Aim of the exercise —
Although the entries contain pictures, return everything else in them verbatim and omit the pictures.

....

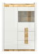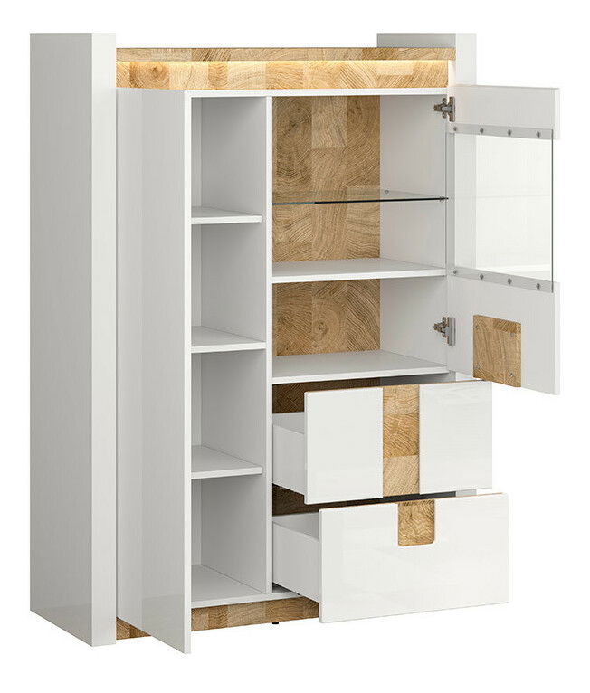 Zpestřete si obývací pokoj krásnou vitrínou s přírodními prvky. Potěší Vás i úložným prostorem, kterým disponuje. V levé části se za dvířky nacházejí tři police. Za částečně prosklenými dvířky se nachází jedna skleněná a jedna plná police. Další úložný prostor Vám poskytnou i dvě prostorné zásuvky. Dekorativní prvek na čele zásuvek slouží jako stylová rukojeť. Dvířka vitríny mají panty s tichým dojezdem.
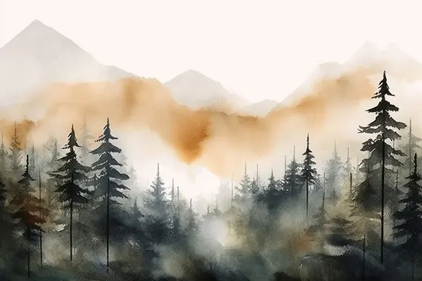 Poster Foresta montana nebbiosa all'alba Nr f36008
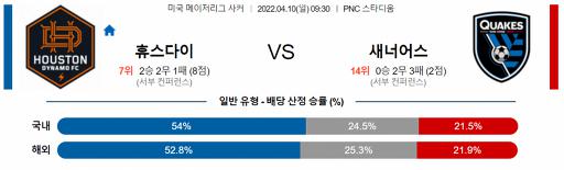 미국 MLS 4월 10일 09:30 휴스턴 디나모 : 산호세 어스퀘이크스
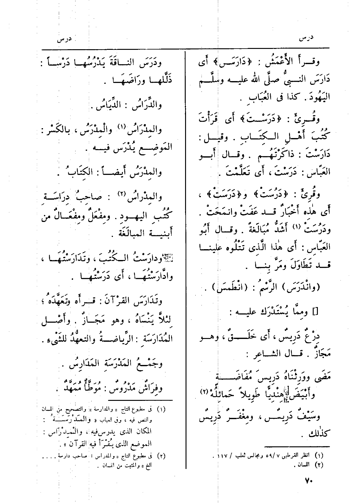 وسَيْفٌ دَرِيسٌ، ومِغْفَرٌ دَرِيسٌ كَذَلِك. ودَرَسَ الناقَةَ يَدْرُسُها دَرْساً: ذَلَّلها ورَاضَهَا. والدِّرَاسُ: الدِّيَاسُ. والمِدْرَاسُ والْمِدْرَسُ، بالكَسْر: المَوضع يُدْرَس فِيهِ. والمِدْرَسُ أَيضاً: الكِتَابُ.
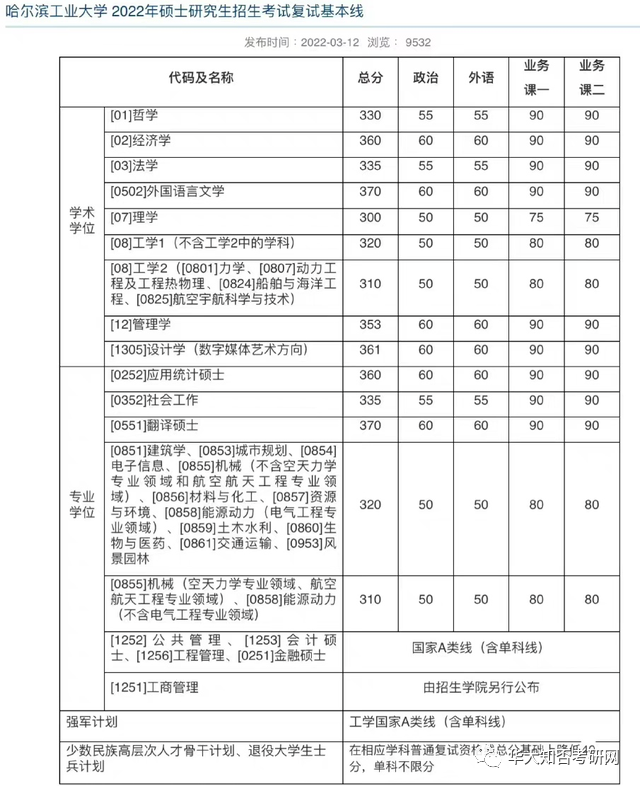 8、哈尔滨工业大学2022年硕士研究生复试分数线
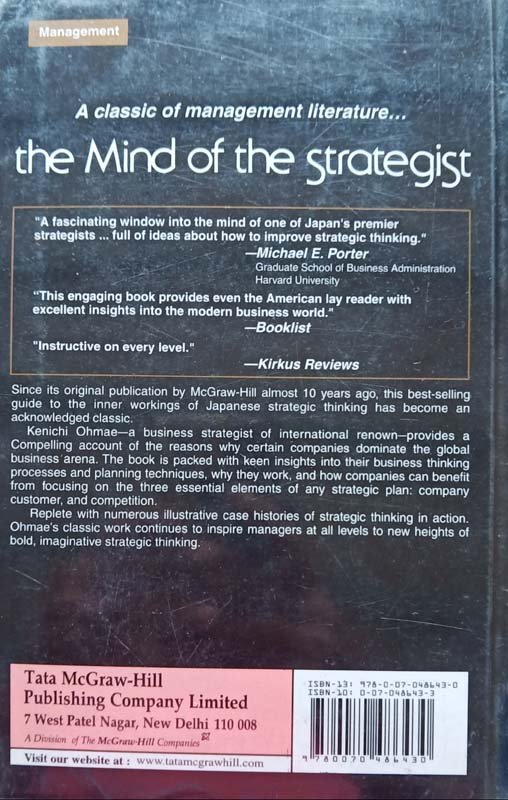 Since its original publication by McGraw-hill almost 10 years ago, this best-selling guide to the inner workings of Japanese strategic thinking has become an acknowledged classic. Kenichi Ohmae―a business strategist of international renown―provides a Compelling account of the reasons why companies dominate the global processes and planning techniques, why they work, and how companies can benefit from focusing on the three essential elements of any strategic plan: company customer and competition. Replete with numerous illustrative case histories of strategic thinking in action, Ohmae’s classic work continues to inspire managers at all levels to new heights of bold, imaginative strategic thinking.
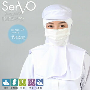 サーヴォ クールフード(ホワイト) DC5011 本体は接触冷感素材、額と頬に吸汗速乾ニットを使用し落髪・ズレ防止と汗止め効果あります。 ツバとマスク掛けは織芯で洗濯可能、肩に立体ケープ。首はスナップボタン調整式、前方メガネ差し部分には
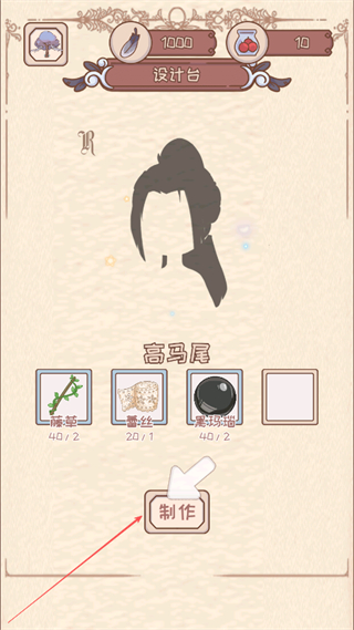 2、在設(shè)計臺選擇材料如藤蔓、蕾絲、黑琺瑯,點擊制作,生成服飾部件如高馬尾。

....

Task result —
 Zpestřete si obývací pokoj krásnou vitrínou s přírodními prvky. Potěší Vás i úložným prostorem, kterým disponuje. V levé části se za dvířky nacházejí tři police. Za částečně prosklenými dvířky se nachází jedna skleněná a jedna plná police. Další úložný prostor Vám poskytnou i dvě prostorné zásuvky. Dekorativní prvek na čele zásuvek slouží jako stylová rukojeť. Dvířka vitríny mají panty s tichým dojezdem.
 Poster Foresta montana nebbiosa all'alba Nr f36008
 미국 MLS 4월 10일 09:30 휴스턴 디나모 : 산호세 어스퀘이크스
 وسَيْفٌ دَرِيسٌ، ومِغْفَرٌ دَرِيسٌ كَذَلِك. ودَرَسَ الناقَةَ يَدْرُسُها دَرْساً: ذَلَّلها ورَاضَهَا. والدِّرَاسُ: الدِّيَاسُ. والمِدْرَاسُ والْمِدْرَسُ، بالكَسْر: المَوضع يُدْرَس فِيهِ. والمِدْرَسُ أَيضاً: الكِتَابُ.
 8、哈尔滨工业大学2022年硕士研究生复试分数线
 Since its original publication by McGraw-hill almost 10 years ago, this best-selling guide to the inner workings of Japanese strategic thinking has become an acknowledged classic. Kenichi Ohmae―a business strategist of international renown―provides a Compelling account of the reasons why companies dominate the global processes and planning techniques, why they work, and how companies can benefit from focusing on the three essential elements of any strategic plan: company customer and competition. Replete with numerous illustrative case histories of strategic thinking in action, Ohmae’s classic work continues to inspire managers at all levels to new heights of bold, imaginative strategic thinking.
 サーヴォ クールフード(ホワイト) DC5011 本体は接触冷感素材、額と頬に吸汗速乾ニットを使用し落髪・ズレ防止と汗止め効果あります。 ツバとマスク掛けは織芯で洗濯可能、肩に立体ケープ。首はスナップボタン調整式、前方メガネ差し部分には
 2、在設(shè)計臺選擇材料如藤蔓、蕾絲、黑琺瑯,點擊制作,生成服飾部件如高馬尾。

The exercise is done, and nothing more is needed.